In May 2012 the cultivars (DT-84, DVN-6, D-2101) reached the best response, with significant differences in the dates of April and May 2013. However, the cultivar DVN-5 showed an inverse response to the others cultivars studied, that is, the highest yield values were reached in the dates of April and May 2013, without significant differences between the two. The cultivar D-2101 reached the highest yields in the three sowing dates, especially in May 2012 with a value of 4.20 t ha-1. On the other hand, the cultivar DVN-6 obtained the lowest yields, mainly in the dates of April and May 2013, with values of 2.88 and 2.87 t ha-1 respectively.

Figure 2 Agricultural yield (t ha-1) at 14 % of grain moisture of soybean cultivars on the three planting dates 

Results related to the effect of the sowing date show that the variations in the yield are fundamentally due to the influence that the meteorological variables exert in the formation of the same 7,15. Therefore, when analyzing the behavior of meteorological variables during the time that the experiments lasted, it was observed that the highest values of temperature and solar radiation (Figure 1) coincide with the planting date where the cultivars reached the highest yields. (May 2012). Some authors reported that the soybean crop yield was strongly correlated with the maximum daily temperature (≤30 oC) during the grain filling stage (R5-R7), that is, high temperatures are generally associated with a longer duration of the period, leading to increased availability of incident radiation 5,16. This direct effect allows increasing the efficiency of the use of radiation for performance, in fact, some results show that the spatial distribution of the pods in a greater number of knots, could improve this efficiency by reducing competition within the nodes 17.

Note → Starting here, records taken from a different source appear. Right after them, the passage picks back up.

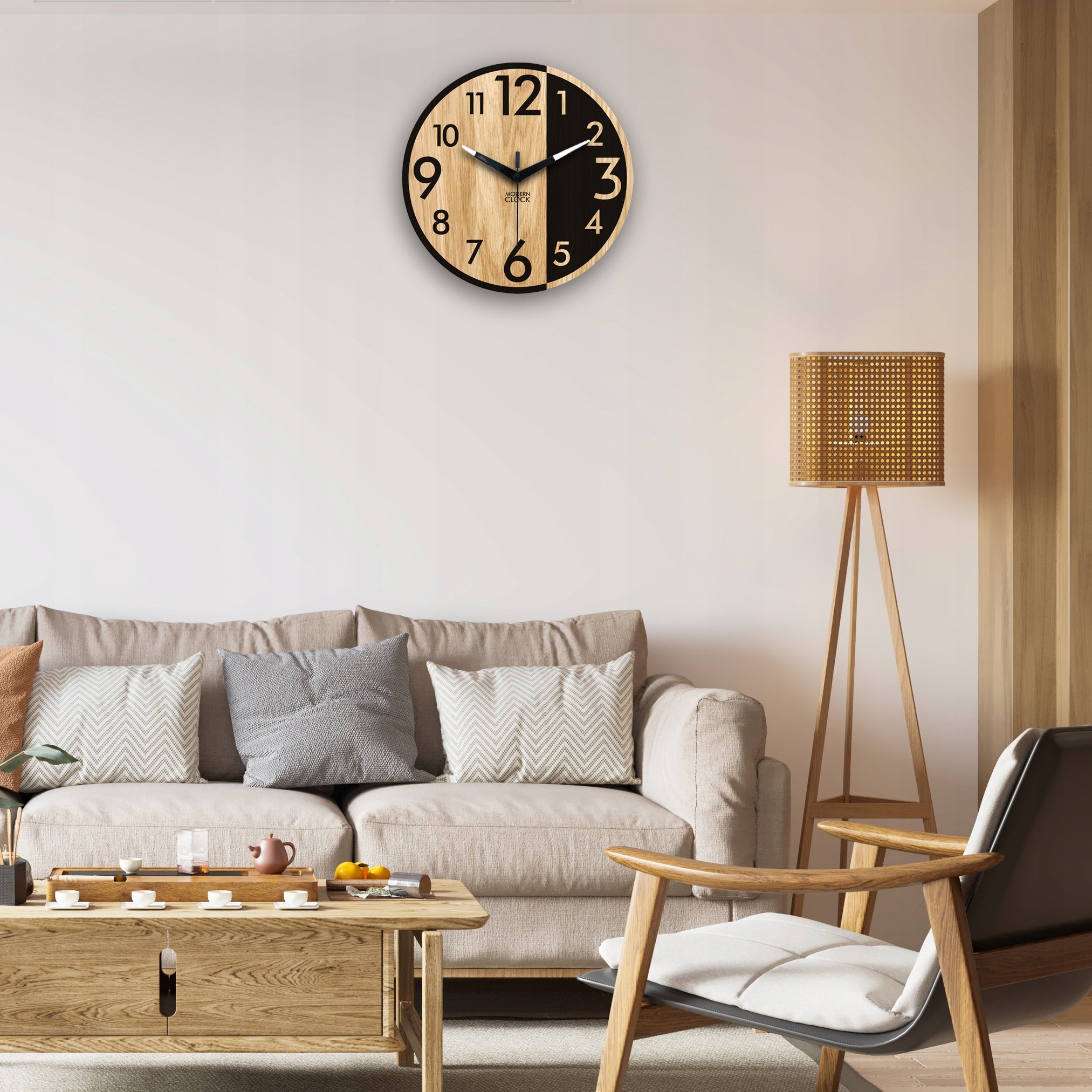 • Aiškiai įskaitomi juodi skaitmenys ir rodyklės ant natūralaus medžio fono.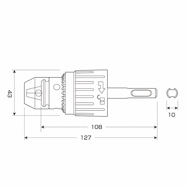 SDSプラス ハンマードリル用ドリルチャック Φ2.5~13mm 打撃(+)回転、チャックハンドル、防塵キャップ
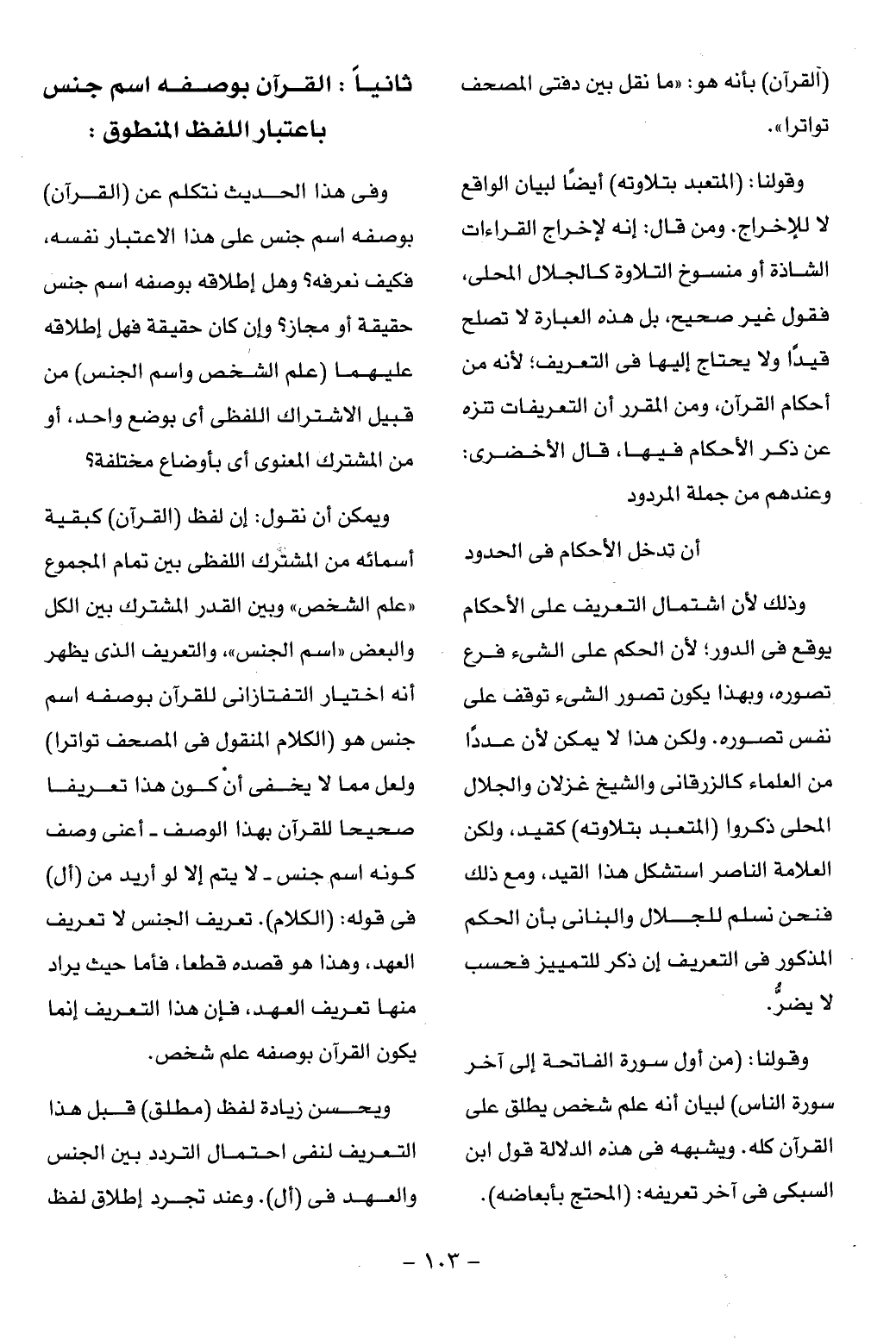 ويمكن أن نقول: إن لفظ (القرآن) كبقية أسمائه من المشترك اللفظى بين تمام المجموع «علم الشخص» وبين القدر المشترك بين الكل والبعض «اسم الجنس»، والتعريف الذى يظهر أنه اختيار التفتازانى للقرآن بوصفه اسم جنس هو (الكلام المنقول فى المصحف تواترا) ولعل مما لا يخفى أن كون هذا تعريفا صحيحا للقرآن بهذا الوصف- أعنى وصف كونه اسم جنس- لا يتم إلا لو أريد من (أل) فى قوله: (الكلام). تعريف الجنس لا تعريف العهد، وهذا هو قصده قطعا، فأما حيث يراد منها تعريف العهد، فإن هذا التعريف إنما يكون القرآن بوصفه علم شخص.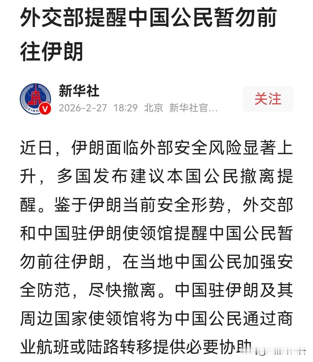 就在刚刚,新华社的一条消息,把中东局势的紧迫感,直接压到了每个人的心头。 消息说得直白,没有半句虚言。 当前安全形势下,中国公民暂勿前往伊朗。 已经在当地的人员,请尽快撤离。 不止中国。 澳大利亚、印度、韩国等多个国家,早几天就已发出提醒,呼吁本国公民尽快离开伊朗。 这不是常规的安全预警,更像一场静悄悄的撤侨前奏。 德黑兰的空气里,一边是谈判的拉锯,一边是磨刀的寒意。 2月26日,美伊第三轮间接谈判在日内瓦落幕。 伊朗外长阿拉格齐称,谈判有进展,下周将继续。 可谈判桌的另一边,美军的动作一刻没停。 F-22隐形战机正分批调往以色列。 “福特”号航母从希腊出发,即将赶赴中东,与“林肯”号组成双航母编队。 2月27日当天,美军中央司令部司令库珀,还在向特朗普汇报针对伊朗的军事选项。 从有限打击到大规模轰炸,所有方案都已摆在台面上。 伊朗也没有半分退让。 伊朗武装部队发言人明确表态,美国的任何挑衅,都会遭到果断且毁灭性的回击。 两边嘴上都留着谈判的余地,手里却都攥紧了武器。 这样的局面,最容不得半点擦枪走火。 国际原子能机构前总干事巴拉迪说得直白。 美国正在加快针对伊朗的战争鼓点,却没有给出任何动用武力的法律依据。 这句话戳中了最核心的问题。 开战的理由是什么?打完之后如何收场? 没有人能给出答案。 此刻最难的,是留在伊朗的普通人。 他们是工程师、商人、留学生,原本只是在异国他乡讨生活、过日子。 一夜之间,局势陡变,回家的路忽然变得不确定。 当地的中资机构也在两难。 是让员工立刻撤离,还是再观望几天? 商业航班还在运行,陆路口岸也还能通行。 可谁也不知道,这个安全的窗口期,还能留多久。 中国驻伊朗、驻迪拜、驻伊拉克的使领馆,此刻的领保电话大概率一直占线。 外交部已经把周边国家的领保联系方式全部列出。 阿塞拜疆、亚美尼亚、土耳其、卡塔尔,所有能走的撤离路线,都给大家指得明明白白。 剩下的选择,只能由身处当地的人自己做。 这场危机,核心绕不开核问题,背后是无数人的身家性命。 对于还留在当地的中国公民来说,再复杂的地缘格局,再紧张的大国角力,都比不上一张能平安回国的机票。 这场美伊对峙,表面是核问题谈判,实则是两支疲惫的队伍,在玩一场“谁先眨眼”的耐心游戏。 特朗普一边调兵遣将,一边留着谈判的窗口,还是当年极限施压的老办法。 伊朗则咬死铀浓缩的权利不松口,用拖延换取更多空间。 可双方都有自己的软肋。 美国怕再次陷入中东的战争泥潭,伊朗扛不住长期制裁的压力。 真正危险的,是被局势裹挟的第三方。 以色列的冲动,一次误判引发的擦枪走火,都可能让谈判桌瞬间化为废墟。 眼下的僵局,最缺的不是解决方案,是能让双方都体面下台的台阶。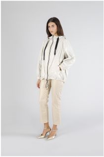 Simpatico spolverino packable in nylon ultralight in contrasto colore che all'occorrezza diventa un comodo zainetto. manica lunga.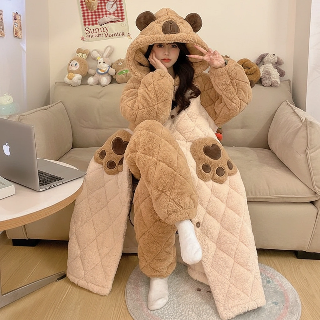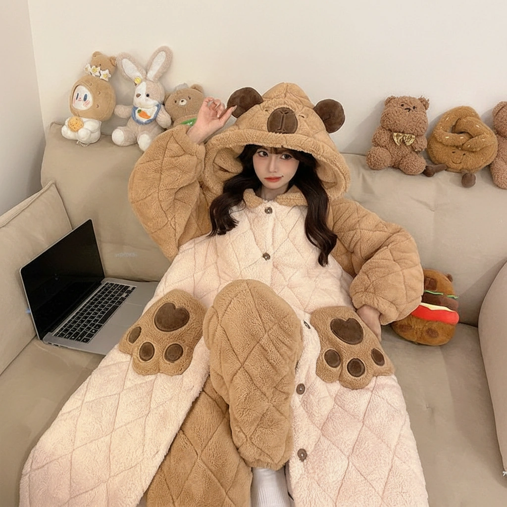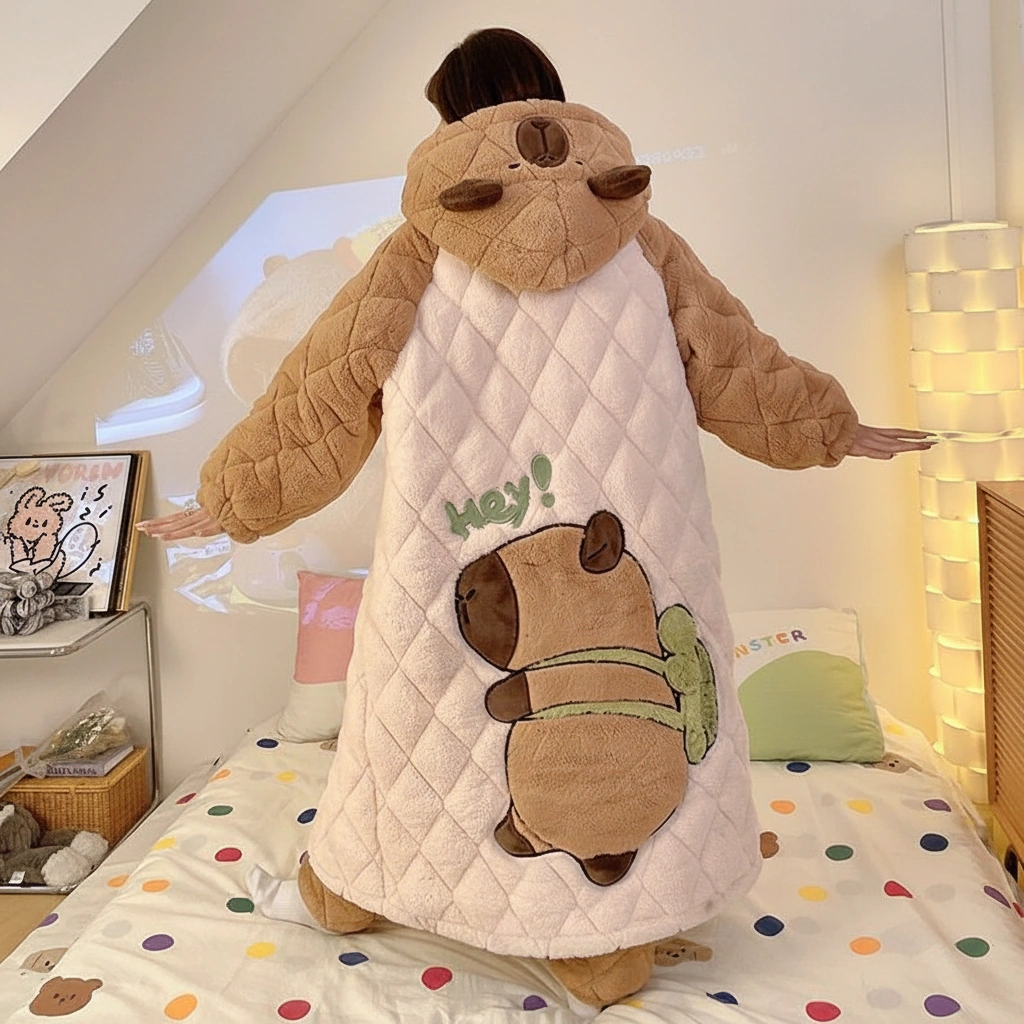 This set is essentially a walking sleeping bag. The quilted texture gives it a luxurious, puffy feel, while the turtle shell capybara on the back adds a unique personality. It represents the slow, steady, and comfortable life we all aspire to live in winter.

The low yields reached by the cultivar DVN-6 in the dates of April and May 2013, have a certain relationship with the period where the highest values of precipitation and relative humidity were recorded, as well as temperatures and the availability of solar radiation they were relatively lower compared to their performance on the highest yield date. Other authors reported similar results, where they show that the reduction of incident radiation through shading applied from R3 onwards decreased the number of pods and grains, given the strong relationship that exists between both components and growth during the critical period in soybean 18.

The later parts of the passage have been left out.